Blade Runner: Electronic Owls and Illuminati Symbolism

One of only two science-fiction films made by Hollywood visionary Ridley Scott, (the other, of course, being Alien) Blade Runner is about far more than Harrison Ford hunting down and "retiring" rebel replicants. The first Philip K. Dick big screen adaptation the film is an undisputed cult classic and stands today as arguably the best sci-fi movie ever. Its dark, post-apocalyptic and even post-organic urban setting providing one of the few really believable sci-fi backdrops in all of cinema history.

Combined with larger questions about the nature of reality and what it really means to be human it's this convincing and well thought out sci-fi world Scott creates that invites five cuts and frequent re-watching. Almost more like a novel than a film, noticing something new with each visit. Ridley Scott's vision of a future Los Angeles couldn't be much more different to the city we know today (though it's a lot closer now than it was in 1982). With its colossal skyscrapers, heavy pollution and torrential downpours looking more like a darker New York or even DC Comics' Gotham City. Like Alien before it, the film presents a "used future" only this time it's nature itself that's falling apart not just a spaceship. Climatic change apparently wiping out most animal life to the point where artificial copies are far more common and affordable and humans (those who can afford it) are forced to retreat to the "off-world colonies."

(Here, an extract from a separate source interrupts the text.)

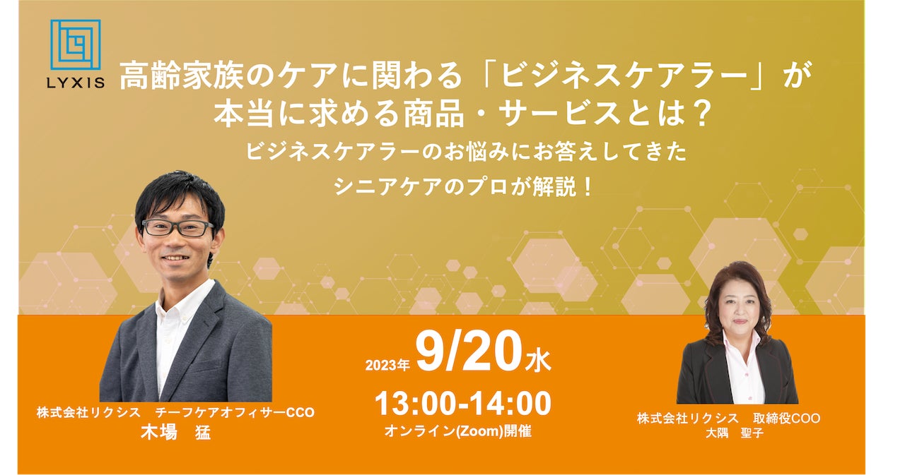 そこで今回のセミナーでは、ビジネスケアラーたちが今何に困り、どんな商品・サービスを求めているのかを、多くのビジネスケアラーのお悩みにお答えしてきたリクシスならではの視点でご紹介いたします。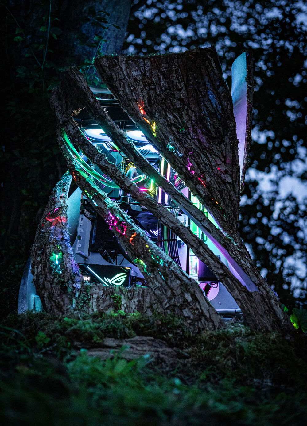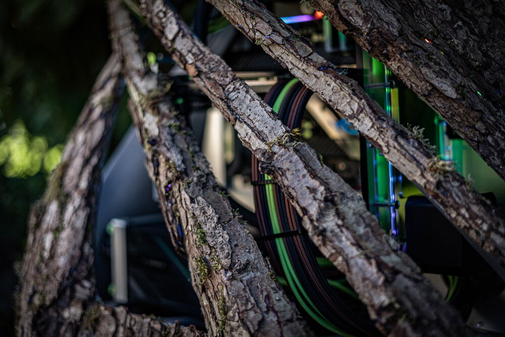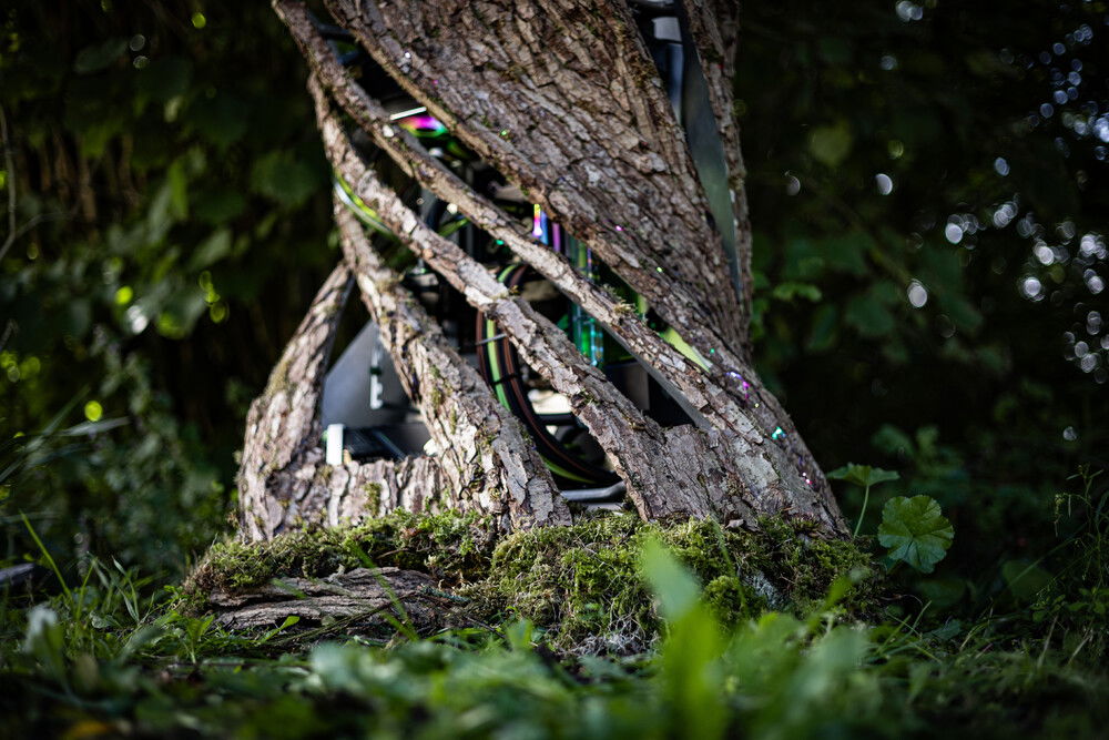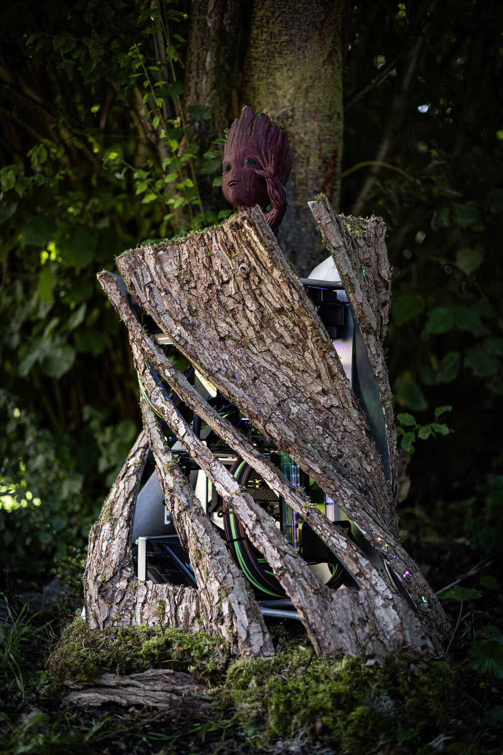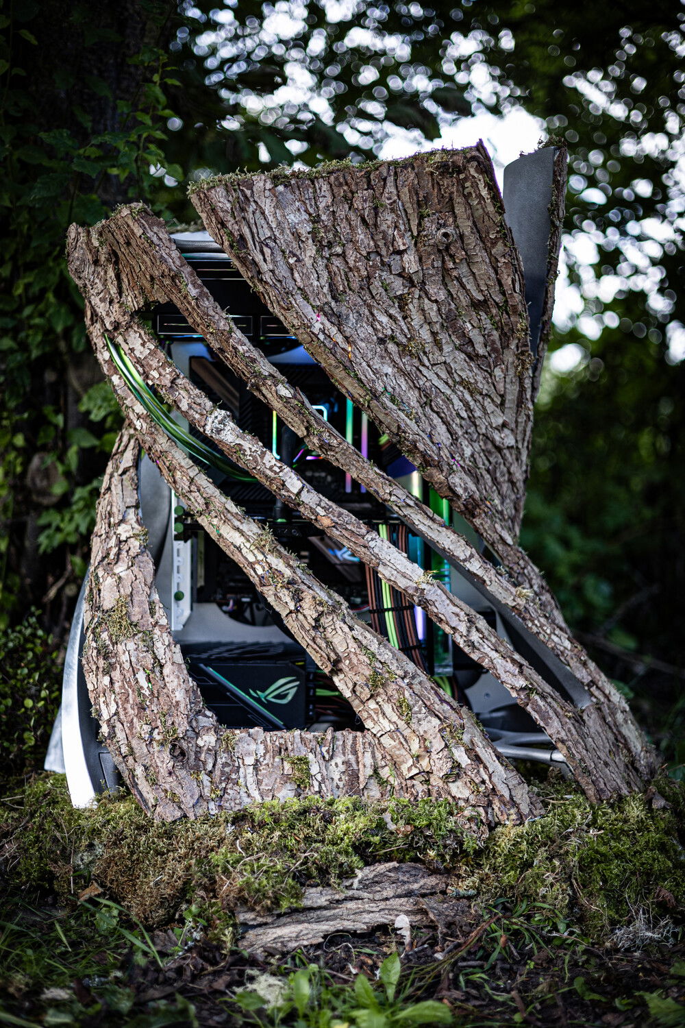 Using the InWin Europe Z-Tower case as a base, we covered it in wood and moss, adding some lights behind it, for that feeling.

Perhaps the strangest thing about Scott's future LA, though, is that it seems completely riddled with Illuminati imagery and symbolism. Perhaps the most obvious example of this parapolitical iconography has to be the "All Seeing Eye."

Blade Runner opens with an extreme close-up of Harrison Ford's character Rick Deckard's eye and there are numerous other eye shots throughout the film. Eyes being important to the plot because they're the only way to tell the difference between replicants (artificial humans) and real humans. Replicant eyes involuntary glowing in certain scenes. However, is this really the All Seeing Eye of the Illuminati?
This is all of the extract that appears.